ALL eggs can potentially carry these pathogens. Free range eggs are not exempt from this issue. However, when hens can have lots of room and fresh pastures to roam in, then the chances that their eggs come into contact with fecal material is much less. So, free range eggs from flocks that are properly managed should have a much lower rate of contamination. When we collect eggs, we discard all stained and contaminated eggs right away- they never enter an egg box. And, we use a sanitizing egg wash solution to further knock down any bacteria that do wind up on the shell (that can then migrate into the egg). Also, due to the anatomy of a chicken, with the reproductive and digestive tracts sharing a common opening, there is always some risk involved that even hens from a pristine environment can impart contamination. We strive to drastically minimize the risks for you, but personal responsibility always reigns supreme. Discard cracked eggs and buy from a reputable source. Thoroughly cook egg dishes. Keep raw eggs refrigerated.

California wishes to redefine how eggs are sold and produced in the land of mega farms. This is a good thing- perhaps a beacon to the future? We hope so! As much as we wish all food were produced on a scale that brings back local production, we fear that it may not be realized in our life-time. Too many people really don't care that much, and with economies of scale, much of our food will remain very cheap. We see Wal-Marts springing up in droves (and in many cases on old farmsteads)...not small farms! Reality 101.
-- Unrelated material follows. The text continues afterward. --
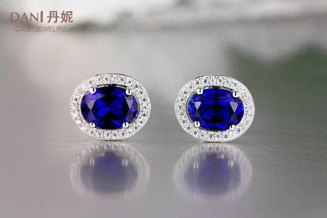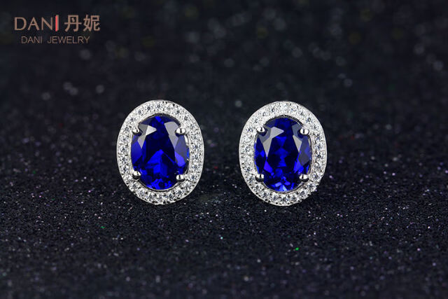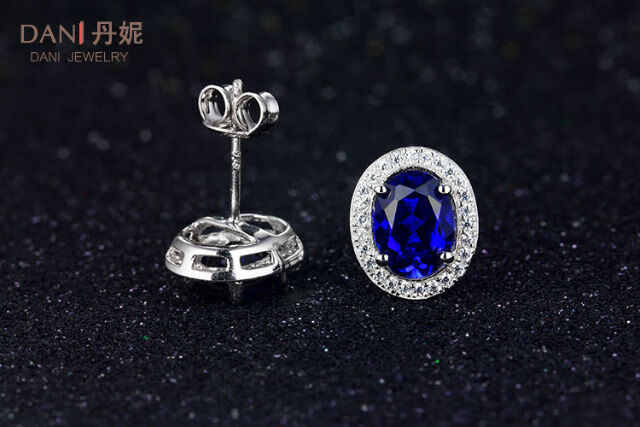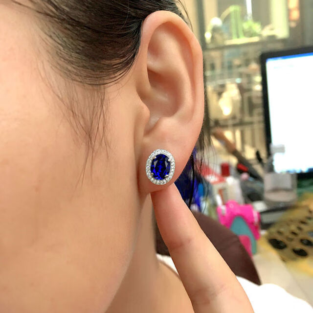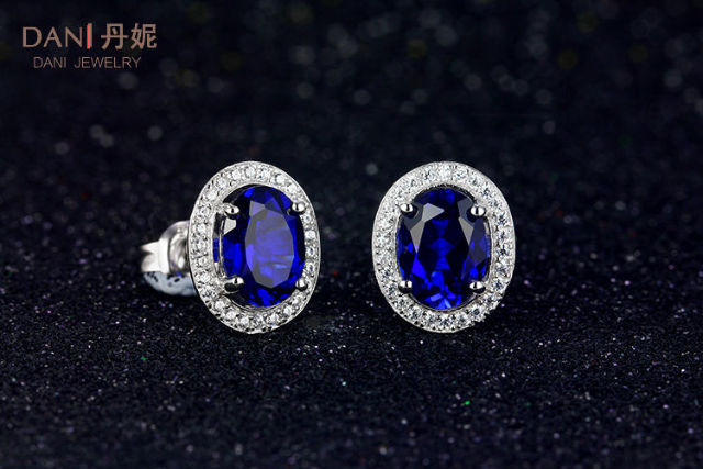 Sapphire 925 silver stud earrings set with colorful sapphire blue corundum tanzanite jewelry earrings plated women's picture color blue earrings pair

We do care and we really appreciate those who care enough to vote with their wallets and time!

Thank you!

Sunday, August 1, 2010

A Follow-up/Article of Interest

Wow, two posts so far in summer! What's up with that? Well, in today's NYT (8/1/2010) there was an article showcasing an iconic feature of our region's agriculture that has thrown in the proverbial towel-

This article has touched something rather sensitive and VERY telling to me.......

The Tuttle Farm of Dover, NH- a vibrant farm that I considered emblematic and inspirational, as an example of a successful family farm, is calling it quits. They've been in existence since 1632. Yes, you read that right- over 300 years ago! I have studied farms like the Tuttle's that have persisted over the generations and was looking to see how they did it. A common thread is direct marketing with a diverse product base. Most to all the farms I studied (that still stand today) have done this. And now, the model is not as rock solid as I once thought. One can burn out, drain the coffers and for a sobering kick to the head, not come up with an option to move forward. Game over, no more options.......Argh......
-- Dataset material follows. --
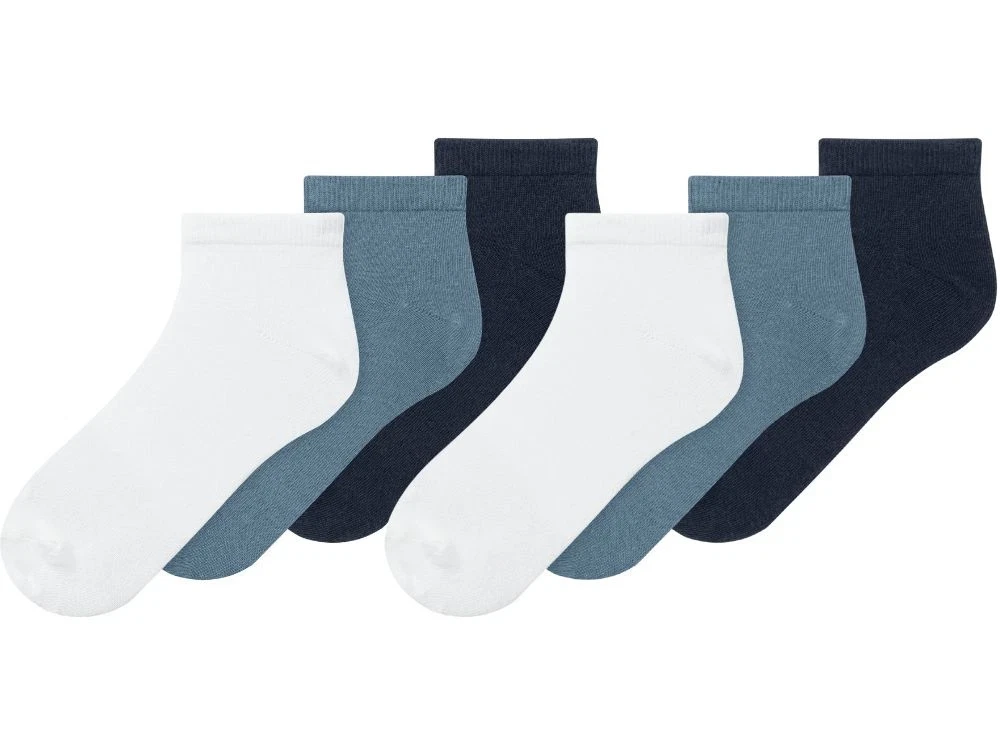 Bløde og komfortable ankelstrømper fra Name It i et praktisk 6-pak med tre forskellige farver: spring lake, hvid og navy blazer. Strømperne er lavet i en blød og strækbar kvalitet med en behagelig pasform, der sikrer komfort hele dagen.

Why my treatise on this subject? It strikes a note that strums through my head lately. You can't run like you used to.....and no matter how hard you work, you cannot make enough money to support a year-round payroll to get the help to keep the ferris wheel turning.

Other parallels come to mind that have strong correlations to our collective pickle. I run our town's food bank and we routinely distribute food from the USDA to our needy. OUR USDA and our tax money. Canned fruit from China. Dried pasta from Egypt. Canned veggies from South America. I'm not sure where the meat comes from as food labeling laws don't require country of origin to be posted. Currency devaluation, budget woes....Hmmm....A multi-generation, "older than dirt" business and farm in NH goes under and Chinese peaches are feeding our people.

The Tuttle's decision to quit is due to overwhelming forces. Fiscal, monetary, economic and social forces are pushing VERY hard now. We feel them, too. Boy, do we feel them!

Stay tuned to learn how we are going to deal with these forces...........

Change is something we can all count on regardless of the times.......count on that!